Activity:
Please print the full listing below exactly, but not the pictures in it.

Data block:
◆ ◆ ◆ ◆ ◆

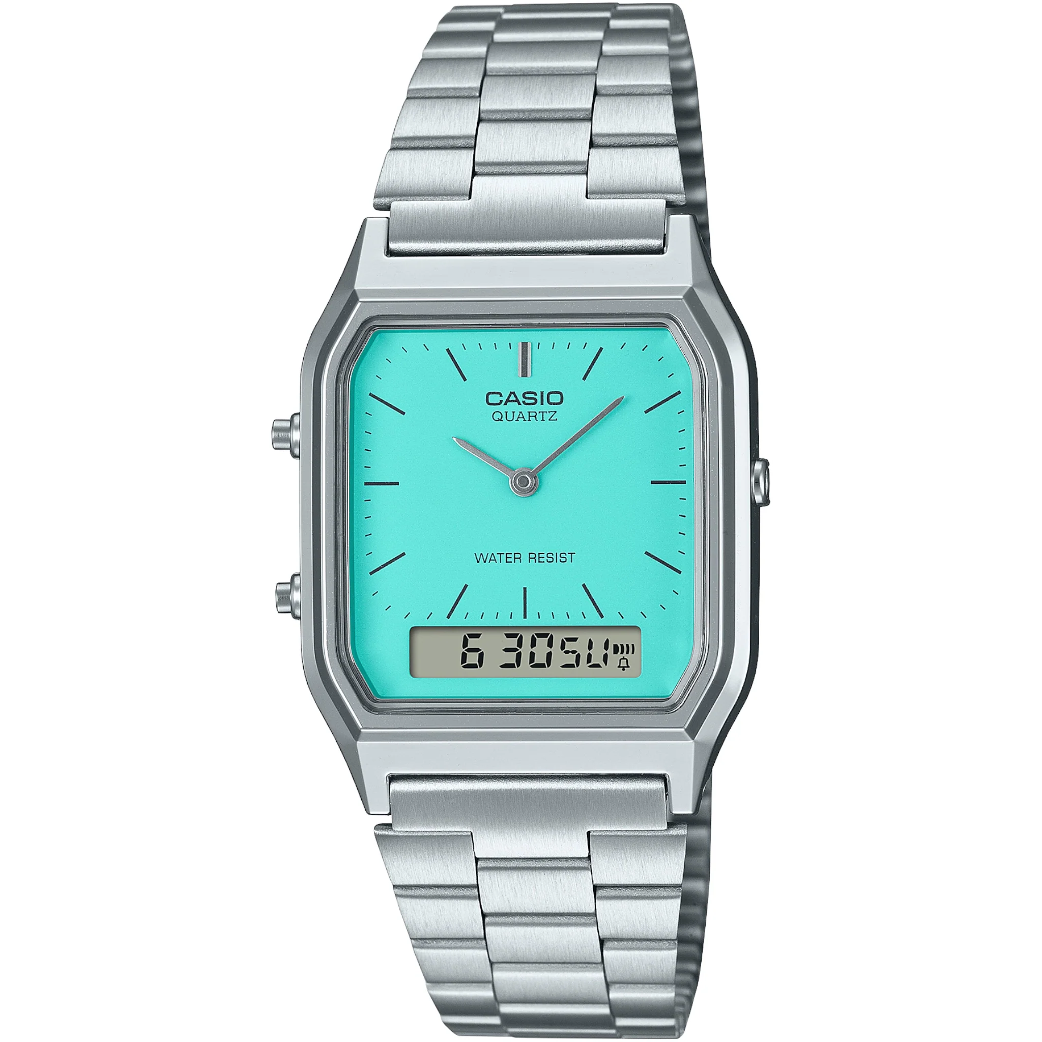 Experience the best of both worlds with the Casio AQ-230A-2A1. This sophisticated timepiece seamlessly blends classic analog design with modern digital functionality. The striking blue dial, complemented by silver-tone hands and indices, creates a truly eye-catching look, while the integrated digital display offers a range of convenient features.
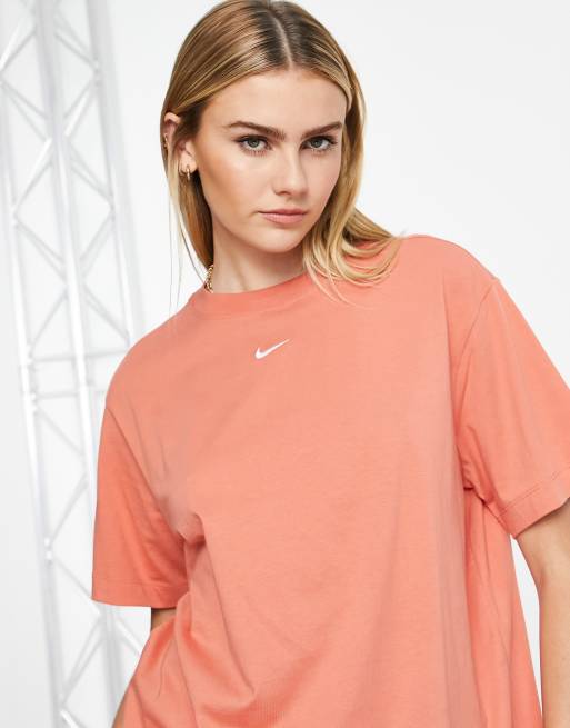 Nike - Essentials - Krebserød boyfriend-T-shirt med lille Swoosh-logo
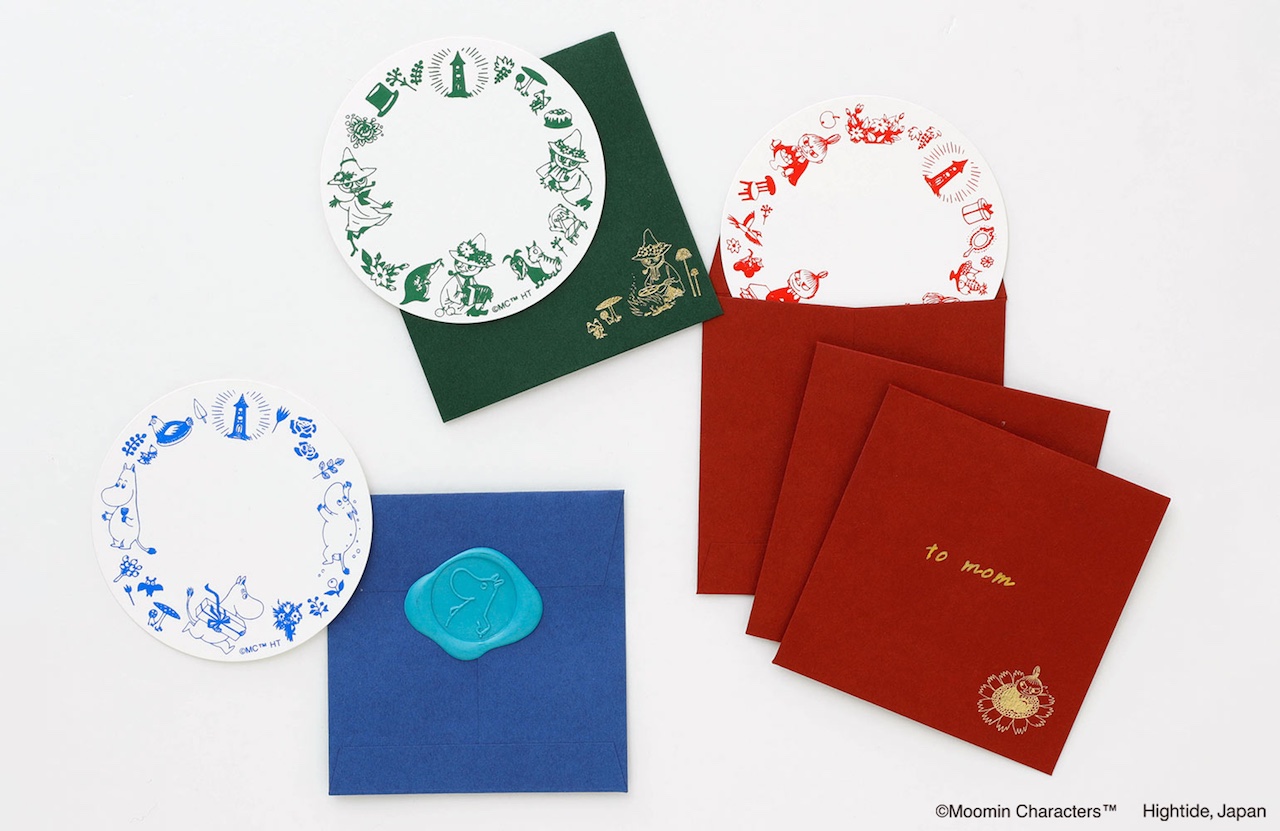 レッドにはリトルミイ、ブルーはムーミントロール、グリーンにはスナフキン。それぞれのイメージカラーに合ったキャラクターをデザイン。カードと封筒は各3枚ずつセットになっている。

◆ ◆ ◆ ◆ ◆

Solution to this problem:
 Experience the best of both worlds with the Casio AQ-230A-2A1. This sophisticated timepiece seamlessly blends classic analog design with modern digital functionality. The striking blue dial, complemented by silver-tone hands and indices, creates a truly eye-catching look, while the integrated digital display offers a range of convenient features.
 Nike - Essentials - Krebserød boyfriend-T-shirt med lille Swoosh-logo
 レッドにはリトルミイ、ブルーはムーミントロール、グリーンにはスナフキン。それぞれのイメージカラーに合ったキャラクターをデザイン。カードと封筒は各3枚ずつセットになっている。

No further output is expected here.